• _Task_
Though the records contain pictures, copy none of them; repeat exactly the lines from the one with "AdroFX активно использует" to the end.

• _Data_
---+---

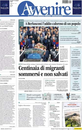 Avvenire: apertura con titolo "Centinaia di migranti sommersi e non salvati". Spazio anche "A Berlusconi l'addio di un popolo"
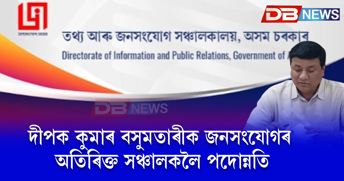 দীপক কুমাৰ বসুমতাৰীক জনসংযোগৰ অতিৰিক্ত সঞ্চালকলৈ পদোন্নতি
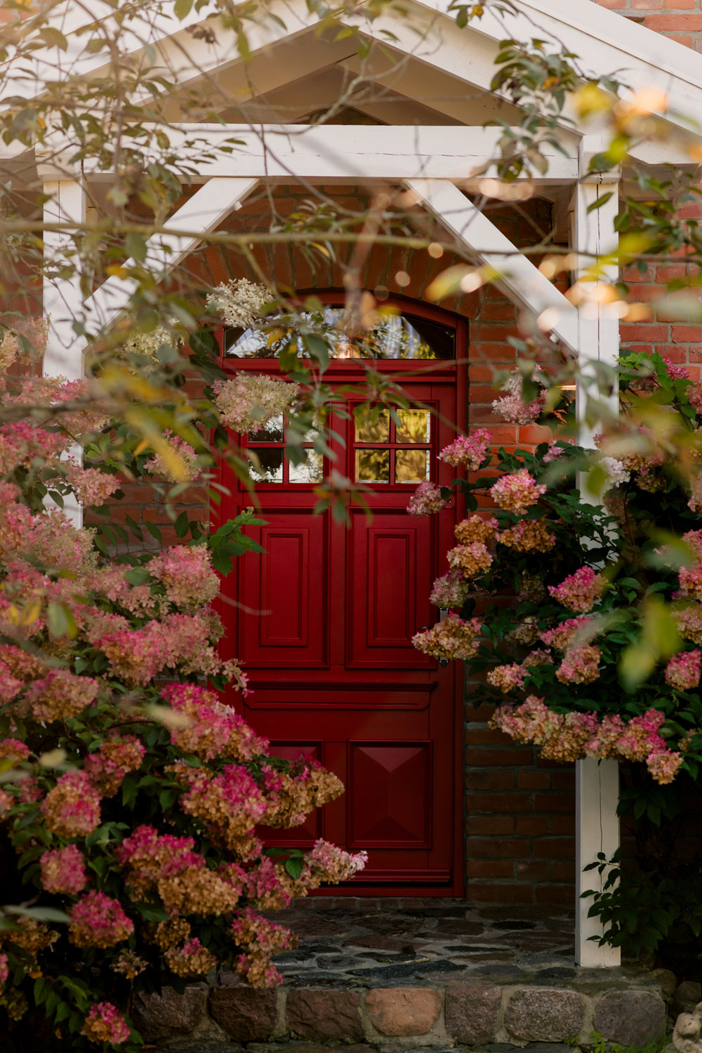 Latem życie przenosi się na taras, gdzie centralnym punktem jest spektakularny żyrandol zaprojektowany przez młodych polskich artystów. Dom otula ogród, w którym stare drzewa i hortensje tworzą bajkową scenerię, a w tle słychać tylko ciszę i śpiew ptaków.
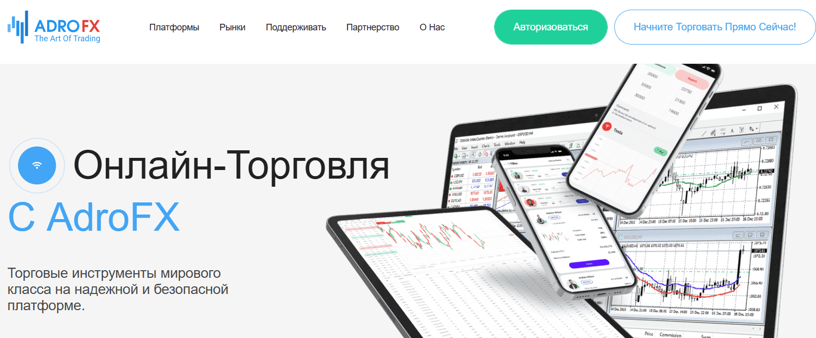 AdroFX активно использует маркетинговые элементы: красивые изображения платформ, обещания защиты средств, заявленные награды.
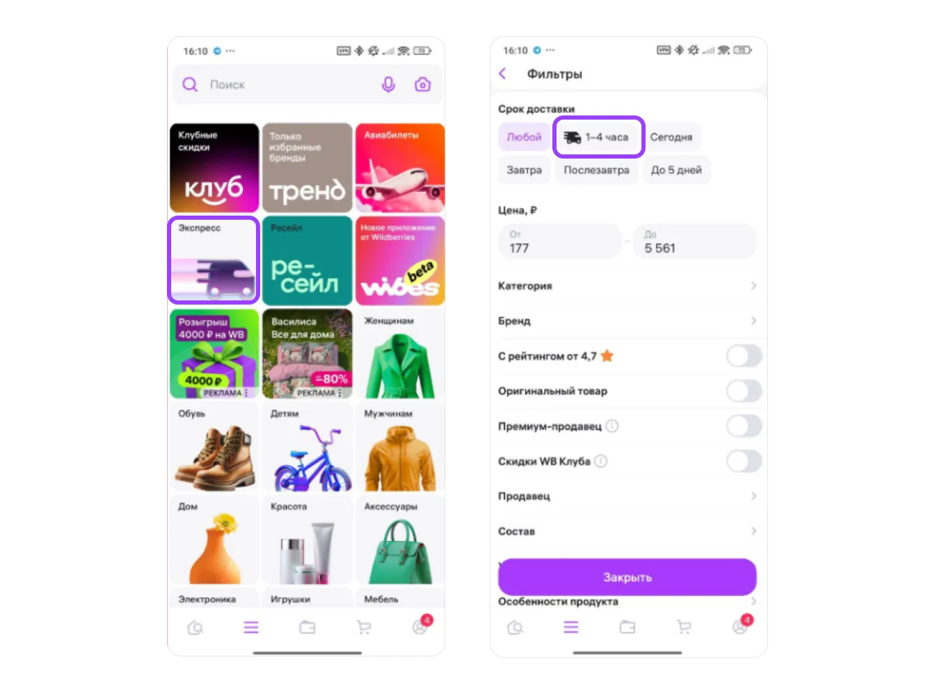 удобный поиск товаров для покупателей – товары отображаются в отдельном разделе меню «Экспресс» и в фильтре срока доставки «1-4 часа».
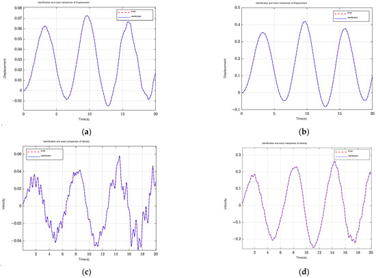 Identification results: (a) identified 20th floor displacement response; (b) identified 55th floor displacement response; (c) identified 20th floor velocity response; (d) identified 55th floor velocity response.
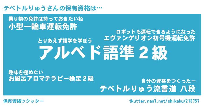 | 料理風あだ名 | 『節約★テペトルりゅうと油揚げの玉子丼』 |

---+---

• _Answer to this exercise_
 AdroFX активно использует маркетинговые элементы: красивые изображения платформ, обещания защиты средств, заявленные награды.
 удобный поиск товаров для покупателей – товары отображаются в отдельном разделе меню «Экспресс» и в фильтре срока доставки «1-4 часа».
 Identification results: (a) identified 20th floor displacement response; (b) identified 55th floor displacement response; (c) identified 20th floor velocity response; (d) identified 55th floor velocity response.
 | 料理風あだ名 | 『節約★テペトルりゅうと油揚げの玉子丼』 |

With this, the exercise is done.